The Open Data QnA python library enables you to chat with your databases by leveraging LLM Agents on Google Cloud.

Open Data QnA enables a conversational approach to interacting with your data. Ask questions about your PostgreSQL or BigQuery databases in natural language and receive informative responses, without needing to write SQL. Open Data QnA leverages Large Language Models (LLMs) to bridge the gap between human language and database queries, streamlining data analysis and decision-making.

Key Features:

Conversational Querying: Ask questions naturally, without requiring SQL knowledge.
SQL Generation: Automatically generates SQL queries based on your questions.
Query Refinement: Validates and debugs queries to ensure accuracy.
Natural Language Responses: DRun queries and present results in clear, easy-to-understand language.
Visualizations (Optional): Explore data visually with generated charts.
Extensible: Customize and integrate with your existing workflows(API, UI, Notebooks).

It is built on a modular design and currently supports the following components:

Database Connectors

Google Cloud SQL for PostgreSQL
Google BigQuery

Vector Stores

PGVector on Google Cloud SQL for PostgreSQL
BigQuery Vector Store
ChromaDB (WIP)

Agents

BuildSQLAgent: An agent specialized in generating SQL queries for BigQuery or PostgreSQL databases. It analyzes user questions, available table schemas, and column descriptions to construct syntactically and semantically correct SQL queries, adapting its process based on the target database type.
ValidateSQLAgent: An agent that validates the syntax and semantic correctness of SQL queries. It uses a language model to analyze queries against a database schema and returns a JSON response indicating validity and potential errors.
DebugSQLAgent: An agent designed to debug and refine SQL queries for BigQuery or PostgreSQL databases. It interacts with a chat-based language model to iteratively troubleshoot queries, using error messages to generate alternative, correct queries.
DescriptionAgent: An agent specialized in generating descriptions for database tables and columns. It leverages a large language model to create concise and informative descriptions that aid in understanding data structures and facilitate SQL query generation.
EmbedderAgent: An agent specialized in generating text embeddings using Large Language Models (LLMs). It supports direct interaction with Vertex AI's TextEmbeddingModel or uses LangChain's VertexAIEmbeddings for a simplified interface.
ResponseAgent: An agent that generates natural language responses to user questions based on SQL query results.
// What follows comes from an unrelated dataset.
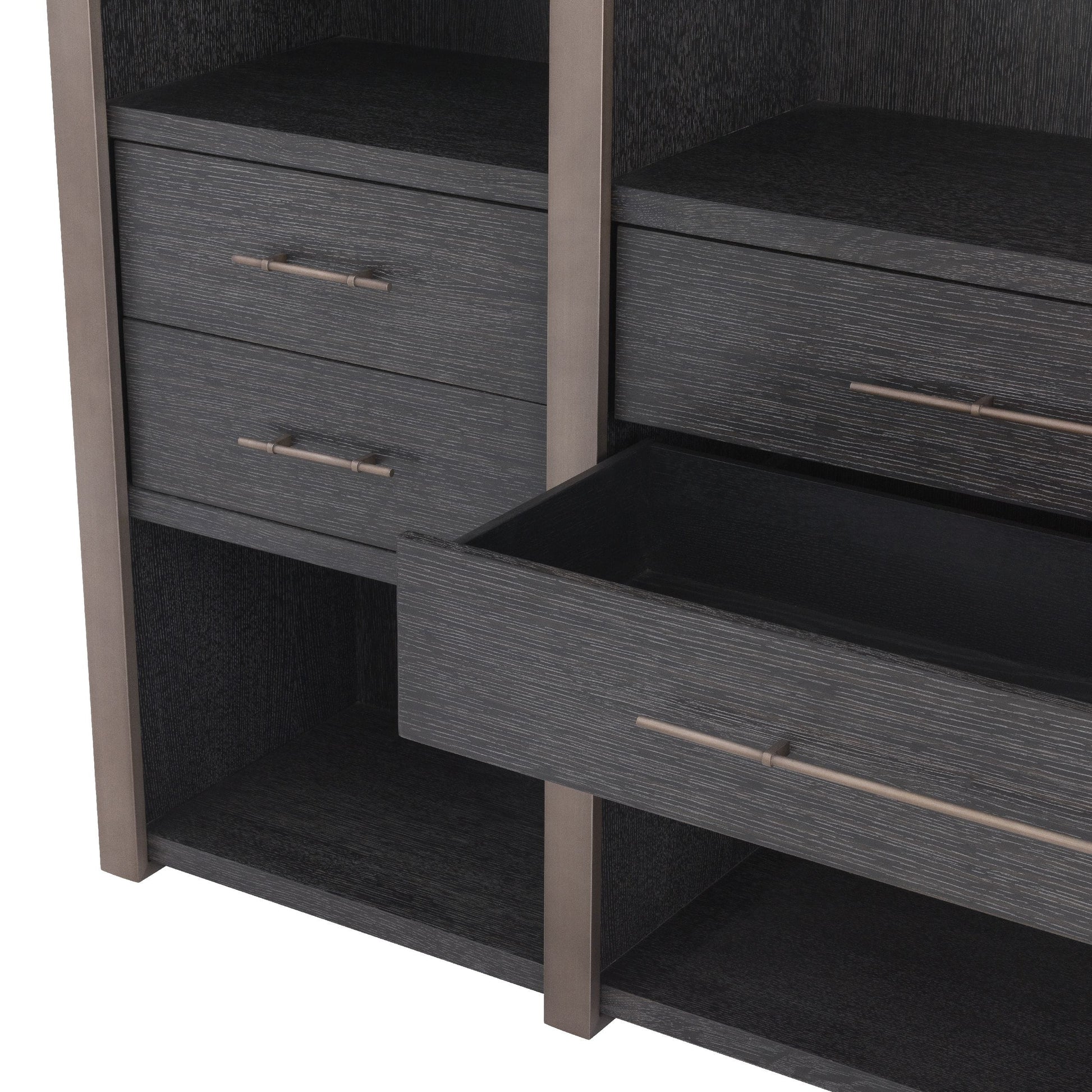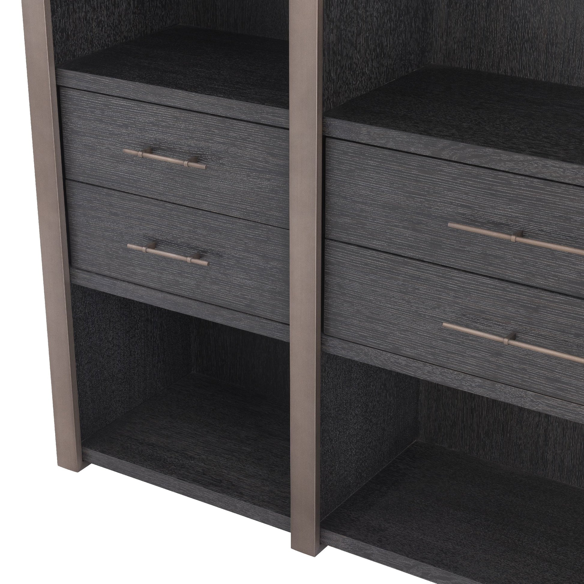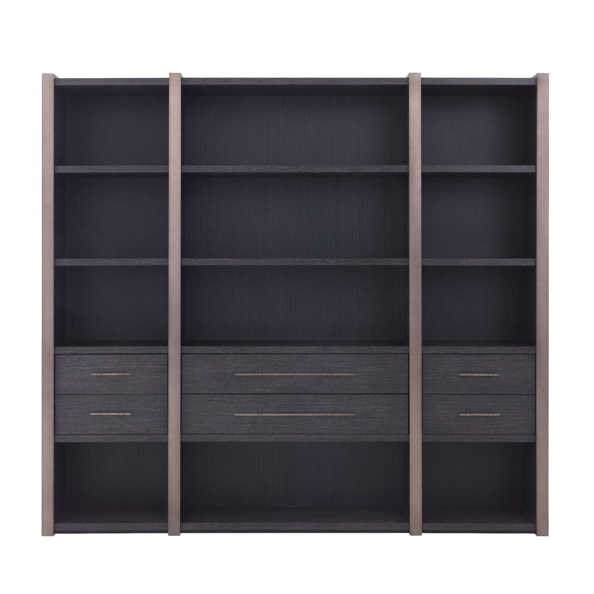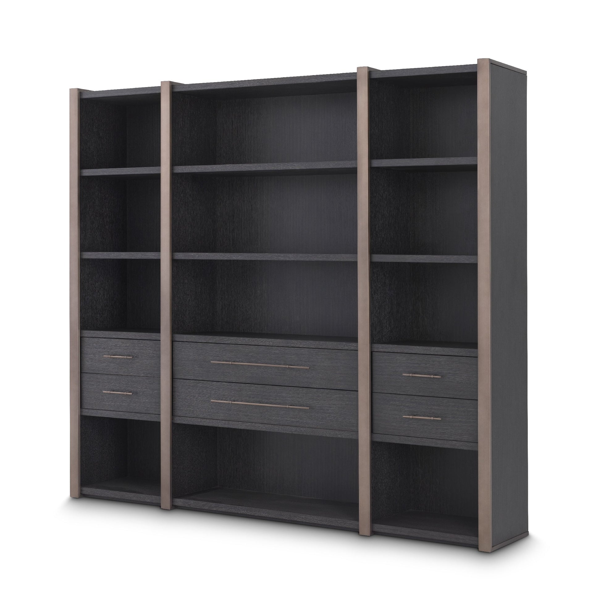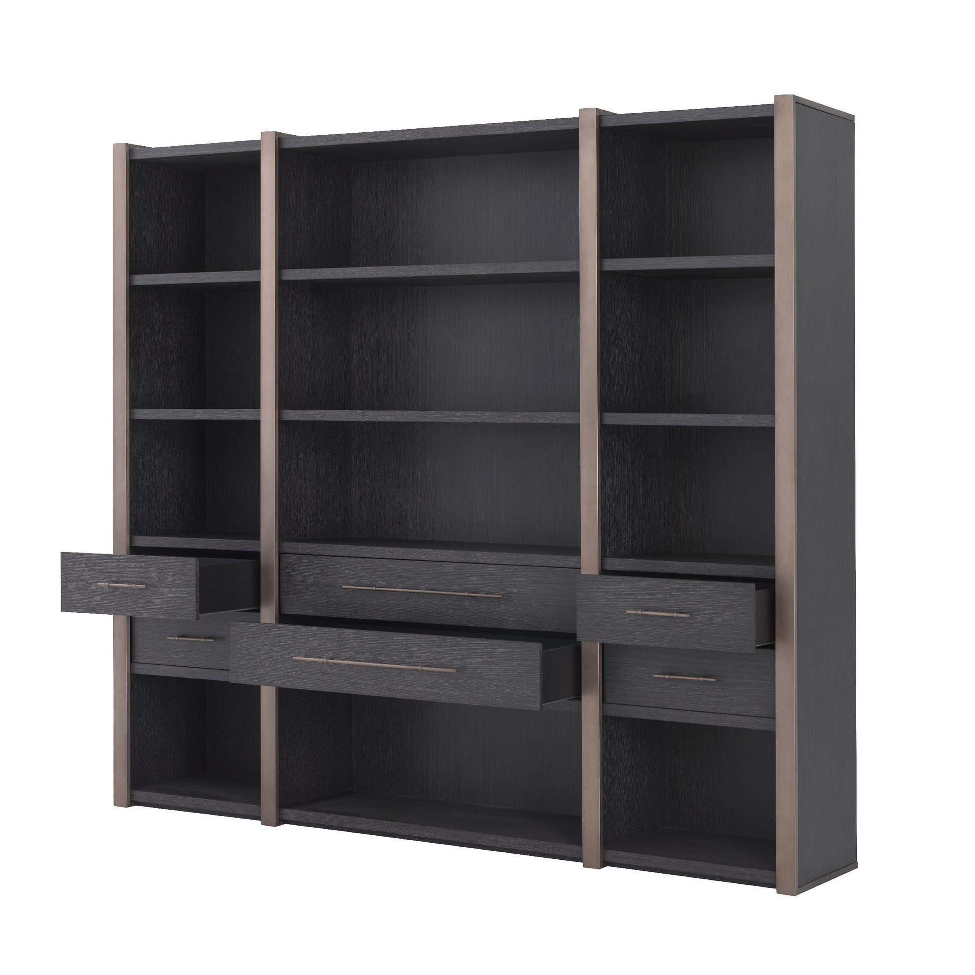 Hylla Canova från Eichholtz är en extremt rejäl, snygg, exklusiv och mångsidig bokhylla. Perfekt för att visa dina dekorativa favoritföremål, tavelramar och böcker och utstrålar modernitet. Fodralet i kolgrå ek passar bra med ramens och handtagens bronsfinish. Praktisk och elegant. Denna moderna möbel erbjuder gott om förvaringsutrymme med en synlig del för att visa upp dina prydnadsföremål, 2 stora lådor i mitten och 2 mindre lådor på vardera sidan. En inredningsdetalj som garanterat drar ögonen åt sig.

It acts as a data assistant, interpreting SQL results and transforming them into user-friendly answers using a language model.
VisualizeAgent: An agent that generates JavaScript code for Google Charts based on user questions and SQL results. It suggests suitable chart types and constructs the JavaScript code to create visualizations of the data.

Note: the library was formerly named Talk2Data. You may still find artifacts with the old naming in this repository.

📏 Architecture

A detailed description of the Architecture can be found here in the docs.

🧬 Repository Structure

Details on the Repository Structure can be found here in the docs.

⚙️ Prerequisites

This library assumes that the source database is already set up in your GCP project. If a data source has not been set up, use the notebooks below to copy a public dataset from BigQuery to Cloud SQL PostgreSQL or from BigQuery into your GCP project.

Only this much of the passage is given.